No Guarantees that the Trump Tariffs Will Lower Prices
Trump tariffs. That’s all we see on social media and hear on the news, but it’s an issue financially that can’t be ignored. So you need to be prepared for the future. So, let’s start with the latest comment by President-Elect Trump regarding the tariffs.
In an interview with Time Magazine for its “Person of the Year,” President-Elect Trump said, “It’s hard to bring things down once they’re up. It’s very hard.”
Of course, before he had said at a press conference: “When I win, I will immediately bring prices down. Starting on day one, we will drill, baby, drill,” referring to increasing domestic oil production to bring down prices of everything.
Here’s the issue: nobody credible has said that the Trump tariffs will bring down prices for you, whether for groceries or anything else. You can read that blog post below.
But it doesn’t end there. The monthly payments on student loans are also likely to go up. If monthly payments on student loans increase, and the Trump tariffs increase your costs by 25% or more, what does that mean for you financially? It means you have to come up with more money to break even. You have to increase your income or decrease your expenses. Both are difficult to do, and if you don’t, you will end up in more debt.
We have now witnessed President-Elect Trump confirming that he can’t guarantee prices will go down. People like to rationalize and ignore facts, but I’m just going based on the facts. So politics are irrelevant.
Trump surrogates argue, “Don’t believe what he says.” Okay, so don’t believe him when he says prices will go down or when he says it’s hard to get them to go down? Sorry, but it can’t be both.
This rationalization of trying to approve and decipher what Trump says is just pure gibberish. Either we believe him or we can’t. That’s why I keep saying cut through all the noise, smoke, and mirrors. The reality is that the consumer will pay a tax if tariffs are imposed. It’s always been that way and always will be.
No one will ship a product, pay more for it, and then say, “Don’t worry about it; we’ll cover the cost.” It doesn’t work that way. In one particular instance, for example, if the product was defective, but en masse, with thousands of products coming in, it’s not going to happen.
Of course, President-Elect Trump told a story about groceries, such as a woman going to buy three apples, finding out the price, and returning one apple. How expensive were these apples? Not to mention, as part of the story, Trump said that she returned the apple to the refrigerator. I’ve never been to a grocery store with apples in a refrigerator, but that’s just me. But that’s the point. We shouldn’t believe this story either.
Of course, another economic issue is mass deportation. This is why I keep saying we must be careful, cut through the political noise and the gibberish, and stop rationalizing. Set your politics aside and use common sense.
Here’s a fun fact that might scare everybody: most illegal immigration takes place through airports on visa overstays, not the U.S.–Mexico border. But you can’t shut down the airports because tourists aren’t the scary boogeymen, plus they spend money. So it’s a hard sell. It’s easier to focus on those crossing the border, even though more people enter airports. Besides, you can’t put barbed wire at the airport gates, but you surely can do such a barbaric thing in the Rio Grande. Just ask Governor Gregg Abbott from Texas.

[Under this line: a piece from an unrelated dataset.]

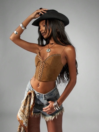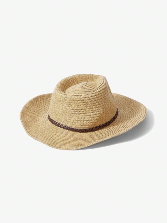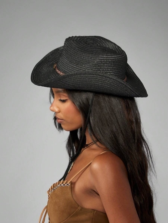 MISSGUIDED Western Straw Cowboy Hat Braided Band Summer Festival Beach Sun Protection Wide Brim Rodeo Ranch Outdoor Adventure Casual Headwear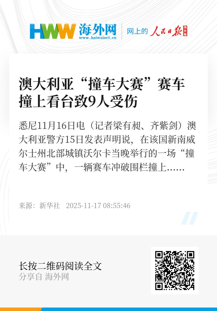 新华社悉尼11月16日电(记者梁有昶、齐紫剑)澳大利亚警方15日发表声明说,在该国新南威尔士州北部城镇沃尔卡当晚举行的一场“撞车大赛”中,一辆赛车冲破围栏撞上看台,造成9人受伤,其中1人伤势危急。

By the way, those figures on visa overstays are from the government.
Now, if there are fewer people available to do migrant jobs such as farming, you’re going to have a supply shortage. With demand remaining the same and supplies short, the law of supply and demand means prices go up. Now add all this together.
If you’re getting hit with tariffs, increased student loan payments, and now farming products and food becoming more expensive due to shortages, you’re getting hit from multiple angles. And none of those angles will save you money, but it will cost you.
Whether you’re a Trump supporter or an honorary member of MAGA, what I’m talking about is simple math. Consumers are taxed with tariffs, and if fewer apples are available, the prices go up.
Some consumers are making large purchases now before tariffs come in. That’s fine, but we need to look at the long term. Your monthly expenses will increase if you get hit with student loans, tariffs, and a supply chain shortage. You need to analyze your personal situation and decide if getting into more debt now is the right thing to do if your expenses increase.
So, whether it’s the Trump tariffs, the College Cost Reduction Act, or the likely disappearance of student loan forgiveness, make sure you budget for any increases. Be careful with any financial decisions moving forward. So, while saving on the higher costs of a new car sounds like a good idea, keep in mind that car payments will still be around for five years or more.